The key to this design is how signature privileges are distributed: instead of the signature privilege is random on the previous block, the signature privilege is based on the block there are two thousand blocks. Thus, in the event of a fork, a minor who is lucky in one chain will also be lucky in the other, completely eliminating the attack with probabilistic double mine which is possible with PPCOIN. Another way to examine it is that, because Slasher uses the proof of 2000-blocs compensation instead of the proof now, and the forks will certainly not last 2000 blocks, there is only one currency supply to be used, so there is indeed “something at stake”. The penalty of the loss of block reward ensures that each node will take care to sign a single block with each block number.

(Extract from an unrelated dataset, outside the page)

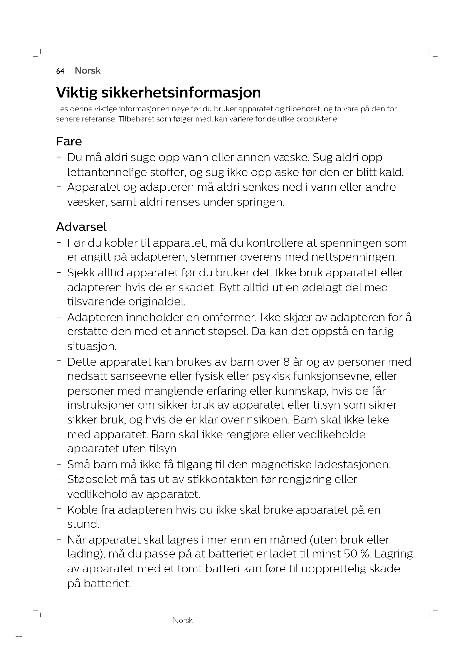 Dette apparatet kan brukes av barn over 8år og av personer med nedsatt sanseevne eller fysisk eller psykisk funksjonsevne, eller personer med manglende erfaring eller kunnskap, hvis de får instruksjoner om sikker bruk av apparatet eller tilsyn som sikrer sikker bruk, og hvis de er klar over risikoen. Barn skal ikke leke med apparatet. Barn skal ikke rengjøre eller vedlikeholde apparatet uten tilsyn.
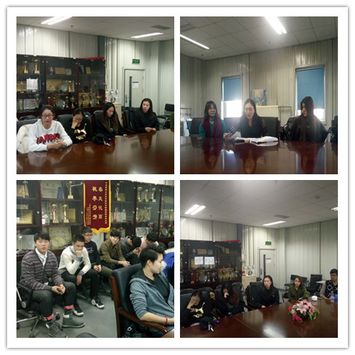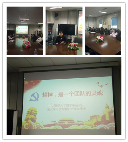 为积极贯彻"十九大"精神,迎合时代主题,调动公司高水平运动队队员学习"十九大"相关内容的积极性,公司高水平运动队于2017年12月31日在沙河校区东区体育馆二楼会议室举行了以"精神,是一个团队的灵魂"为主题的学习十九大报告座谈会。公司排球队主教练于雅光老师,助理教练焦懿维老师,14级、15级辅导员李秋月老师,16级辅导员胡庆老师和公司办公室主任邓丹老师应邀参加本次座谈会。

The use of 100 pre-engaged random numbers is an idea taken from youth gaming protocols; The idea is that powerful minors have no way of trying to create many blocks and publish only those who attribute to their own stake a signature privilege, because they do not know which other random data used to determine the stakeholder is when they create their blocks.
The system is not purely proof of putting; A certain proof of minimum work will be necessary to maintain a time interval between the blocks. However, an attack of 51% against proof of work would be essentially without consequence, because proof of signature of the stake is the only decisive factor in which blockchain wins. In addition, energy consumption based on work proof can be made to be less than 95 to 99%, resolving environmental concern with proof of work.